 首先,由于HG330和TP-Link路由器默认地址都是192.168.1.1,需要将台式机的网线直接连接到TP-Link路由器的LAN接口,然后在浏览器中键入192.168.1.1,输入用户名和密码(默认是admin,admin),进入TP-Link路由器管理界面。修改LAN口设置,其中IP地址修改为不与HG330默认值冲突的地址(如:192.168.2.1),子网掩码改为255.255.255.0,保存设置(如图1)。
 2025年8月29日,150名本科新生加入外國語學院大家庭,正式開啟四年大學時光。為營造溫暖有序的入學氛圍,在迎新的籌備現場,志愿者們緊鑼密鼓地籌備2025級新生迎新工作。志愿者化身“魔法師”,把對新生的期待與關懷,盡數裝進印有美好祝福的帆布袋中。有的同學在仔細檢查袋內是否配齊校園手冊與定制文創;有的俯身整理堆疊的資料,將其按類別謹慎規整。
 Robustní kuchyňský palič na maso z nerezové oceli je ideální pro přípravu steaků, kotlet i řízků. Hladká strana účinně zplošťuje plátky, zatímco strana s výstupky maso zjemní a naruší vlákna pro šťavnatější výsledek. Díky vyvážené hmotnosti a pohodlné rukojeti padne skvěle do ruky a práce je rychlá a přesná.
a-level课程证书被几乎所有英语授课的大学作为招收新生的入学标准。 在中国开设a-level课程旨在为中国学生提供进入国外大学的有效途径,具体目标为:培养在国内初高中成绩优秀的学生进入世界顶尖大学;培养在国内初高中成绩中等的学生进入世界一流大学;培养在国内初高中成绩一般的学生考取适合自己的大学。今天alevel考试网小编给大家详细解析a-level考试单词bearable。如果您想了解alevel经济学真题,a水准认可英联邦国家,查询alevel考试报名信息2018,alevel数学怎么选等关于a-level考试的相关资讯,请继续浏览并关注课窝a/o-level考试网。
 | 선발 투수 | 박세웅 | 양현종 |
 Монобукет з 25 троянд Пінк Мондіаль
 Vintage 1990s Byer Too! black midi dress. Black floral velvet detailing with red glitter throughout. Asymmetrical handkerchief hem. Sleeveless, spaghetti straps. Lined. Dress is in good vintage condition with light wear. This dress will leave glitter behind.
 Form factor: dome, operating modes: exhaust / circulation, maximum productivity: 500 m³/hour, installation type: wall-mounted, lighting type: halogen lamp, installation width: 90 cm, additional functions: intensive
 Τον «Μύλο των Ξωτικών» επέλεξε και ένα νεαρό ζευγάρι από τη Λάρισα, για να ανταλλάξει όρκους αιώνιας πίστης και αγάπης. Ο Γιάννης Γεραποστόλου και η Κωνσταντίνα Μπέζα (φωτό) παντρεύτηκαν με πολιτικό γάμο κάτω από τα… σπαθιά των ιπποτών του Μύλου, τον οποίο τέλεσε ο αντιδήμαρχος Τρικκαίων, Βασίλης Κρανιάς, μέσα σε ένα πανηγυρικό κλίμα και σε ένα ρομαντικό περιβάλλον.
****************
- **Assignment**:
Exactly the lines from the one containing "Vintage 1990s Byer" to the last line of the entries above must be duplicated, with both of those lines included and nothing more.

- **Completed task**:
 Vintage 1990s Byer Too! black midi dress. Black floral velvet detailing with red glitter throughout. Asymmetrical handkerchief hem. Sleeveless, spaghetti straps. Lined. Dress is in good vintage condition with light wear. This dress will leave glitter behind.
 Form factor: dome, operating modes: exhaust / circulation, maximum productivity: 500 m³/hour, installation type: wall-mounted, lighting type: halogen lamp, installation width: 90 cm, additional functions: intensive
 Τον «Μύλο των Ξωτικών» επέλεξε και ένα νεαρό ζευγάρι από τη Λάρισα, για να ανταλλάξει όρκους αιώνιας πίστης και αγάπης. Ο Γιάννης Γεραποστόλου και η Κωνσταντίνα Μπέζα (φωτό) παντρεύτηκαν με πολιτικό γάμο κάτω από τα… σπαθιά των ιπποτών του Μύλου, τον οποίο τέλεσε ο αντιδήμαρχος Τρικκαίων, Βασίλης Κρανιάς, μέσα σε ένα πανηγυρικό κλίμα και σε ένα ρομαντικό περιβάλλον.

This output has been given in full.